The Consumer Loss Barometer report is focused on understanding the cybersecurity gap that exists between consumers and organizations. Focusing on where the priorities differ and how leading organizations integrate cybersecurity into their business transformation agendas from the outset. Solving this gap in expectations can help generate consumer trust and propel business growth.
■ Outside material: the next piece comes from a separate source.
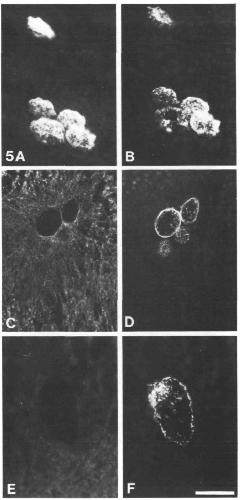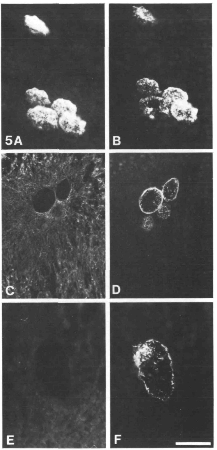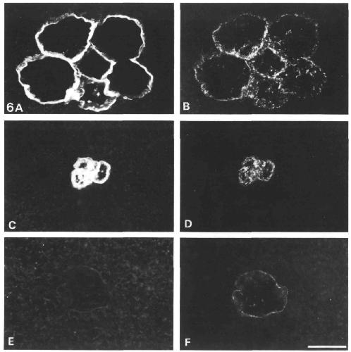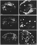 stained with mAB b7-lA9 that binds to nucleoplasmin. Details of the sections shown in the left panels (A,C,E) are
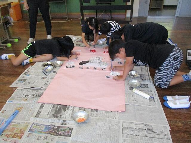 9月13日、合同図工の時間に、運動会の際に飾るそれぞれの団の絵を描きました。子どもたちが、自ら進んで描きたいとのことで、今年度の運動会でも団看板に取り組むことになりました。先週から、どんな絵を描くかを決めて下描きを進めてきました。今日は、それぞれの団に分かれて、全員で協力し合って色塗りをしました。運動会本番に向けて、気持ちも盛り上がってきたことでしょう!

Highlights from the report

  • Value within the organization: The vast majority, 83 percent, of CISO respondents brief the board on at least a quarterly or semi-annual basis demonstrating that executives now rate cyber security threats as a significant risk to organizational growth. But when cyber is omitted from the digital business value chain, a trust ecosystem is not delivered and a significant commercial opportunity is missed.
  • Cloud and connected devices: 75 percent of consumers believe there should be additional security and privacy measures embedded into the design of their connected devices. Conversely, only 35 percent limited the use of sensitive, personal data on their devices and were willing to pay a higher price for more secure devices.
  • Mobile technologies: 75 percent of consumers said they were concerned about theft or misuse of personal information collected by their mobile device and by the apps (78 percent) on their phones. Mobile device makers and network providers can differentiate themselves by building consumer trust in digital channels, not just in the mobile products and services they provide.

Key sector highlights

  • Financial services: Almost half (48 percent) of consumers believe their financial institutions have full or joint responsibility for ensuring that mobile devices used for banking are secure. Regardless if financial institutions see it as their responsibility, they need to show they take the security of their customers’ personal information seriously.
  • Automotive: 56 percent of consumers are worried about their car being hacked, whereas 73 percent are concerned about being hacked five years from now. Car makers are being held accountable for trust in a complex ecosystem – where dealers, software vendors, hardware vendors, telecommunications providers and, ultimately consumers, all have differing perspectives of the role they play in ensuring vehicle security.
  • Retail: Alarmingly, 71 percent of consumers are more concerned about retailers misusing their personal information than information being taken by hackers (68 percent). This highlights a societal lack of trust in business that organizations must address.